In this article, we’ll explain the difference between being pre-qualified for a mortgage loan and being pre-approved. Many people continue to confuse the two terms. You’ll also learn why the latter is important in the context of comparing lenders against one another. Lastly, we’ll present three additional reasons to seek a pre-approval letter from your lender.
Is Pre-Qualification The Same As Pre-Approval?
Being pre-qualified simply means a loan officer has determined that you can qualify for a loan of an approximate amount. The lender is not contractually obligated to lend you the money. It’s worth highlighting that you do not need to seek pre-qualification for a loan before you purchase a house. Those who do seek it do so to learn how much (approximately) they can borrow. It can often be done quickly over the phone without a credit check.
Being pre-approved means a loan officer has checked your credit, verified your employment status, and examined your finances (i.e. bank accounts, etc.). This typically requires an appointment during which you present several documents, such as your pay stubs and bank statements. The lender will determine how much they are willing to lend to you along with the terms of the loan. You’ll receive a letter stating these details.
Comparing Terms Between Potential Mortgage Lenders
The pre-approval letter is important because it helps you to compare lenders side by side. You’ll want to know how their respective interests rates and closing costs compare against each other. A half-point difference in the rate can mean tens of thousands of dollars paid in interest over the life of the loan.

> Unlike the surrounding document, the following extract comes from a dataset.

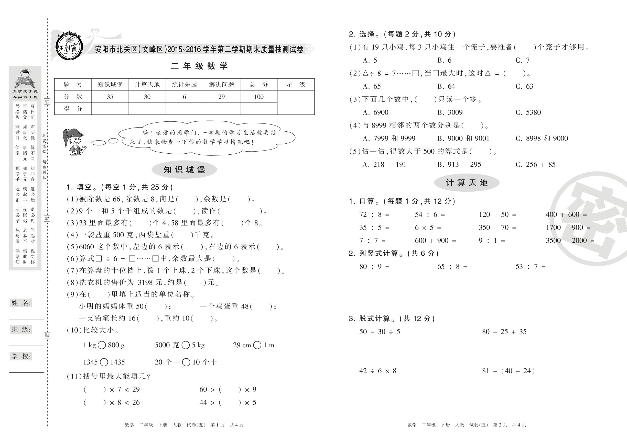 2015-2016学年第二学期安阳市北关区(文峰区)二年级数学试卷(人教版)【5】

A lot of people worry that seeking pre-approval from multiple mortgage lenders over a short period of time will have a negative effect on their credit scores. But realize that comparing lenders is common. Multiple inquiries from them is unlikely to lower your score.
Reason #1: Focus On Properties That Meet Your Budget
Once you have been pre-approved for a loan, you’ll know how much you can afford to spend on a home. This means you can tell your real estate agent to narrow the selection of homes you visit to include only those that meet your budget. You’ll save time, which allows you to spend more of it on properties you can afford. You’ll also avoid the frustration that comes with falling in love with the “perfect” home only to discover it’s too expensive.
Reason #2: Avoid Waiting For The Loan
Many buyers have lost opportunities to purchase desired homes because they were forced to wait for their lenders to approve and extend financing. Without pre-approval, escrow can take weeks to close. If the seller is unable or unwilling to wait that long, the buyer’s offer may be tossed aside for others.
Once you have been pre-approved for a loan, you can ask the mortgage lender to accelerate the process. It’s common to close escrow as quickly as a week and half.
Reason #3: More Attractive Offer To Sellers
Sellers prefer buyers who have been pre-approved for financing. The reason is because homebuying transactions are often derailed when financing falls through during escrow. This wastes the seller’s time. When a buyer has been pre-approved, there is more certainty that the transaction will be completed. For this reason, many sellers will gladly set aside higher offers, and accept those in which the buyer has already lined up financing. This means pre-approval can often be used as a bargaining tool.
Being pre-approved for a mortgage loan offers many advantages for homebuyers. When you decide you’re ready to buy a home, consider this to be a priority.